Владислав внезапно умолк, будто споткнулся, будто, бродя впотьмах, запнулся о колоду и едва не упал. Лариса перепугалась – уж не подавился ли? Но Владислав был просто бледен обычной своей синеватой бледностью зимнего жителя северного города, редко бывающего на свежем воздухе. Да и скудный паёк давал о себе знать. Сейчас, когда свет полумёртвой лампочки казался ей особенно ярким, Лариса заметила, как глубоко залегли на знакомом лице тени под скулами и возле носа. А лоб весь в продольных складках и испарине. А глаза! В них застыл не то испуг, не то настороженность.

– Кто же к нам приходил? Кто так щедр?

– Один мой приятель… Довоенный… Ты его не знаешь.

Владислав отвёл глаза.

– Это тот низенький в башлыке и тулупе? – допытывалась Лариса. – Почему он ушёл, не дождавшись меня? Он из Твери?

– Нет.

– Здешний, Питерский? Тогда почему не дождался меня?

– Ой, я ошибся, прости! – Владислав затряс головой, глаза его прояснились. – Он конечно же из Твери. Довоенный знакомый. В Питере проездом. Зашёл повидаться.

– Кто таков? Как фамилия?

– Рысаков. Ты его не знаешь, – проговорил Владислав не вполне, впрочем, уверенно.

Лариса задумалась.

– Рысаковы… Рысаковы… – Она делала вид, будто верит, отчаянно недоумевая: почему Владислав врёт и откуда на самом деле взялись деликатесы? – Нет, не помню Рысаковых. Ты уверен, что именно в Твери, а не здесь, в Петрограде?.. – проговорила она наконец.

– Именно в Твери! – в волнении Владислав всегда повышал тон. – Ты не можешь знать всех. Ты устаёшь. В Смольном, наверное, целый день суета.

– Да.

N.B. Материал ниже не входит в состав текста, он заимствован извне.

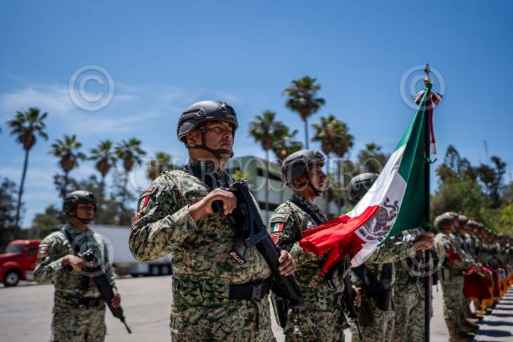 TIJUANA BAJA CALIFORNIA 09JULIO2025.- Militares portando armas y la bandera de México. En el marco del Día Internacional de Destrucción de Armas de Fuego se realizó una ceremonia en la Segunda Zona Militar de Tijuana donde se destruyeron armas aseguradas por autoridades. El comandante Javier Juvencio Hernández destacó el trabajo conjunto de los tres niveles de gobierno para reducir la violencia mediante el aseguramiento y destrucción de armamento. La gobernadora Marina del Pilar informó que Baja California ocupa el cuarto lugar nacional en canje de armas, con 200 armas retiradas de enero a junio. FOTOS CHRIS NOYOLA / CUARTOSCURO.COM
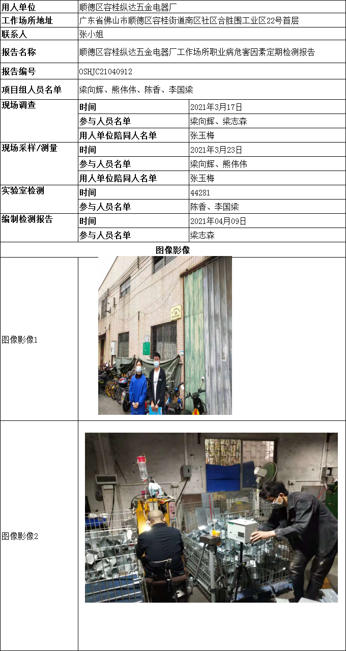顺德区容桂纵达五金电器厂工作场所职业病危害因素定期检测报告
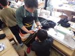 今6年生は、エプロンを製作しています。ひもは通るようにひも通し口を丁寧に縫わないといけません。そして、最大難関はポケットつけです。布の中ほどに着けるので、布が重なっていないかを確認しながらつけなくてはならず、慎重に作業をする必要があります。失敗しながら、糸をほどきながらようやく完成すします。完成した時の子どもたちの顔は、とっても嬉しそうで、自慢げでした。ご家庭でも「頑張ったね」と褒めてあげてください。
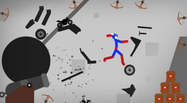 一路狂飙,是一个设定非常有趣的摩托车驾驶游戏,和传统的摩托车驾驶不同,在这个游戏里并不是平坦的赛道,并且玩家最终的目标也不是驾驶摩托车驶向终点,而是需要操控火柴人角色,在高速行驶的过程中坠落,并且在坠落之后被各种弓箭武器攻击的场景,坠落之后,对于摩托车以及火柴人产生的伤害越大,玩家能获得的分数也就越高。
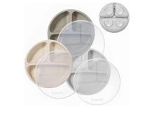 PandaEar Assiettes à succion en silicone pour bébés et tout-petits, lot de 3 assiettes divisées incassables avec couvercle - Lavable au lave-vaisselle et au micro-ondes (Gris Brun Crémeux)

Впрочем, нет.

– Ты так и не рассказала мне о сегодняшнем дне.

– Не рассказала? О чём? Ах, милый, я всё перезабыла. Прости. Может быть, завтра?

Владислав прикоснулся ладонью к её лбу. Прикосновение было приятно прохладным и таким ласковым, что Ларису моментально потянуло в сон.

– Я действительно хотела бы делиться с тобой всем-всем. Но сейчас…

– Не напрягайся. Лучше ложись.

Они дружно собрали со стола. Лампочка подмаргивала им из-под абажура, словно намекая, что уже пора отправляться спать, потому что она, лампочка, в самое ближайшее время намерена погаснуть окончательно и бесповоротно.

* * *

Лариса вспомнила о важном, уже лёжа в постели.

– Владя! – окликнула она мужа.

Тот не отозвался, но дыхание его было тихим и поверхностным. Уверенная в том, что Владислав не спит, Лариса продолжила говорить:

– Там, на Большеохтинском мосту, товарищ Томас помянул о каком-то Полковнике.

Как она и предполагала, Владислав тут же встрепенулся:

– О полковнике? Очередной военспец из генштабистов?

– Не уверена. Товарищ Томас сказал просто: Полковник. Думаю, это как у большевиков подпольная кличка, не имеющая отношения к воинскому чину. Так вот, товарищ Томас просил передать Полковнику, дескать, пусть заходит к нему на квартиру, на Пятую линию. Вот я и думаю теперь, кому я должна эту информацию передать. Кто у нас полковник?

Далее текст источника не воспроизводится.